Generalization in LLM Problem Solving: The Case of the Shortest Path

2026-04-16Artificial Intelligence

Artificial IntelligenceMachine Learning
AI summary

The authors studied how well language models can solve problems that require combining steps, using a simple map-based pathfinding task. They showed that models can handle new maps well but have trouble when the problems require making many steps in a row, due to errors piling up. The researchers also found that having good training data is key, and while some training tricks make learning more stable, they don't fix the fundamental limits. Trying to improve results during testing helps a bit but doesn't solve the problem of longer tasks.

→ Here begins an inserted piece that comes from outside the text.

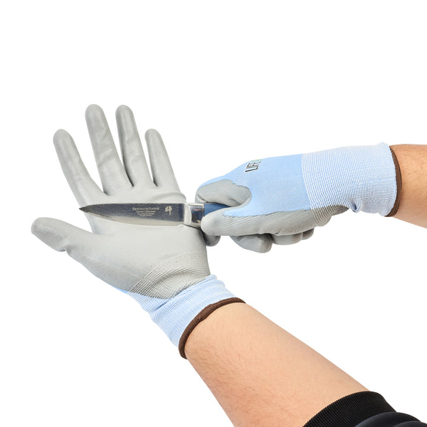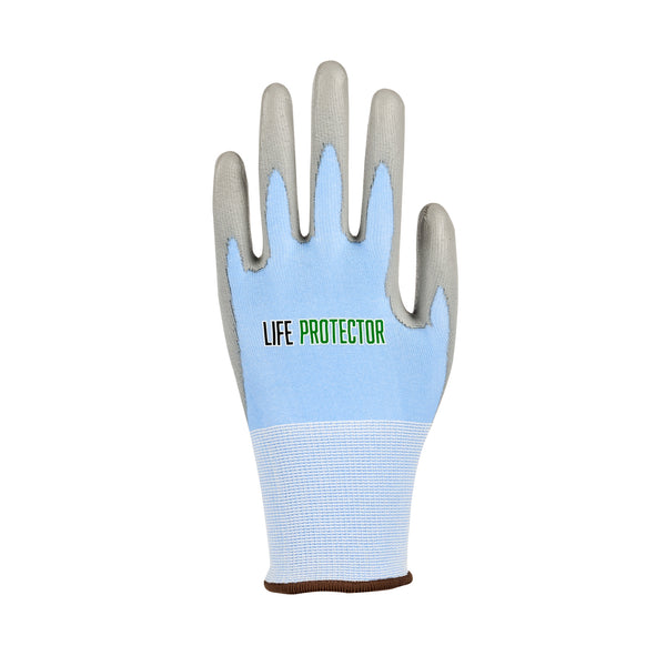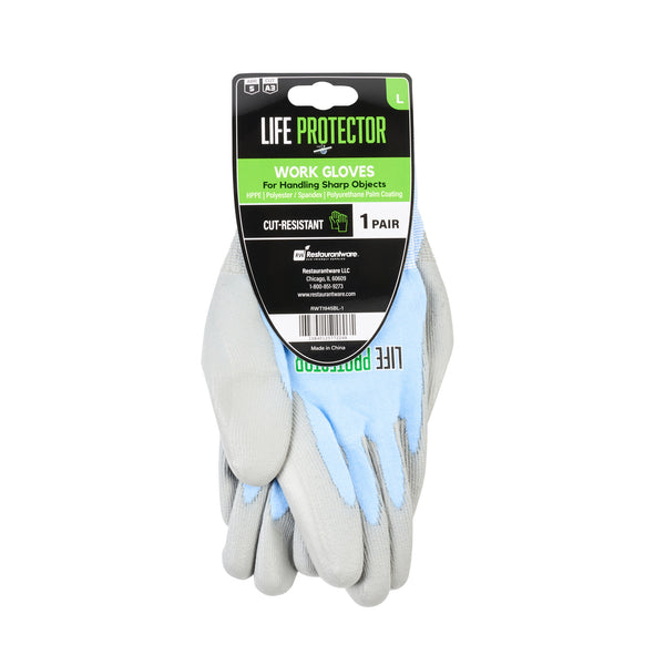 Elevate your workwear standards with our Life Protector Light Blue Diamond Blend Large Work Gloves. These heavy-duty gloves feature a polyurethane coating that shields your hands from chemicals and corrosive substances, ensuring a safer working environment. Perfect for long shifts, these blue gloves come with a breathable foam design that keeps your hands cool and dry throughout the day. With a diamond blend technology, these protective gloves are cut-resistant, making them ideal for handling sharp objects. Designed with an 18-gauge thickness, these hand gloves provide excellent protection against abrasions, making them suitable for tough industrial and construction jobs. These mechanic gloves are hand washable for easy upkeep and maintenance. The sleek light blue finish of these heavy-duty work gloves ensures a neat and professional appearance. Measuring 9.75 inches in length by 4 inches in width, these work gloves are designed to fit comfortably and securely. Each order includes 10 pairs of large work gloves.

language modelssystematic generalizationshortest-path planningspatial transferlength scalingreinforcement learningtraining data coverageinference-time scalingrecursive instability
Authors
Yao Tong, Jiayuan Ye, Anastasia Borovykh, Reza Shokri
Abstract
Whether language models can systematically generalize remains actively debated. Yet empirical performance is jointly shaped by multiple factors such as training data, training paradigms, and inference-time strategies, making failures difficult to interpret. We introduce a controlled synthetic environment based on shortest-path planning, a canonical composable sequential optimization problem. The setup enables clean separation of these factors and supports two orthogonal axes of generalization: spatial transfer to unseen maps and length scaling to longer-horizon problems. We find that models exhibit strong spatial transfer but consistently fail under length scaling due to recursive instability. We further analyze how distinct stages of the learning pipeline influence systematic problem-solving: for example, data coverage sets capability limits; reinforcement learning improves training stability but does not expand those limits; and inference-time scaling enhances performance but cannot rescue length-scaling failures.